900,000+ crime incident logs spanning four years with latitude/longitude coordinates, incident type, and timestamp—requiring geographic aggregation by neighborhood.
The key engineering challenge was linking crime data (reported at latitude/longitude) to property records (reported by address and neighborhood name). This required building a neighborhood-to-community-area mapping layer and aggregating crime statistics at that level.
Using Python (pandas, NumPy) and SQL for transformation, I cleaned and standardized property records, handled missing values through MICE imputation, and created derived features like price-per-square-foot and property age. For crime data, I aggregated incidents by community area and crime type to create neighborhood risk indices.
Built a mapping dictionary to translate 77 Chicago community area codes to neighborhood names, enabling the join between crime statistics and property records. This step alone unlocked the ability to incorporate external risk factors into the valuation model.

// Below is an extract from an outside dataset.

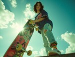 Editorial photography extreme close-up of A young woman, stands confidenty on the edge of the dystopian skatepark, holding a skateboard in front of her. Captured from a dramatic extreme low-angle ground-level perspective, the camera looks upward captures her skateboard is extremely close and massive in the frame, while her face remains in sharp focus. The skateboard filling the frame She gazes downward toward the camera with a cool, self-assured expression, She has shoulder-length dark hair and slightly messy from the wind, with subtle strands catching the sunlight Her outfit is bold and fashion-forward a oversized basketball Jersey, high-west distressed light blue denim pans and chunky sneakers with colorful striped socks peeking out out. The skeatbord, leaning upright against her legs, features a colorful, detailed design with logo "THE RABBIT', bright back sunlight, wrapping her silhouette in a glowing rim light. Blue sky with scattered fluffy white clouds in the background. Color green light vintage, details BLURRY ELEMENTS WITH A DARK PANEL, style retro Captured on a Leca BL2 with Summicron 30mm 058

Tested multiple regression approaches including Ridge Regression, Random Forest, and Gradient Boosting. Used GridSearchCV for hyperparameter tuning and cross-validation to prevent overfitting. The final ensemble model combined property-level features with neighborhood crime density scores.
Top predictive features from Random Forest model (importance scores normalized)
85%+
Variance explained by final model
Top 5
Features drove 60% of predictive power
+12%
Accuracy lift from crime features
Crime density at the neighborhood level proved to be a significant predictor—properties in higher-crime areas showed predictable valuation discounts even after controlling for property characteristics. This validated the business intuition and provided a quantifiable risk adjustment factor.
The model enabled the firm to screen acquisition targets at scale, prioritize site visits based on predicted value-to-price ratios, and quantify neighborhood risk in investment memos. The approach reduced due diligence time per property and provided a defensible, data-driven basis for pricing negotiations.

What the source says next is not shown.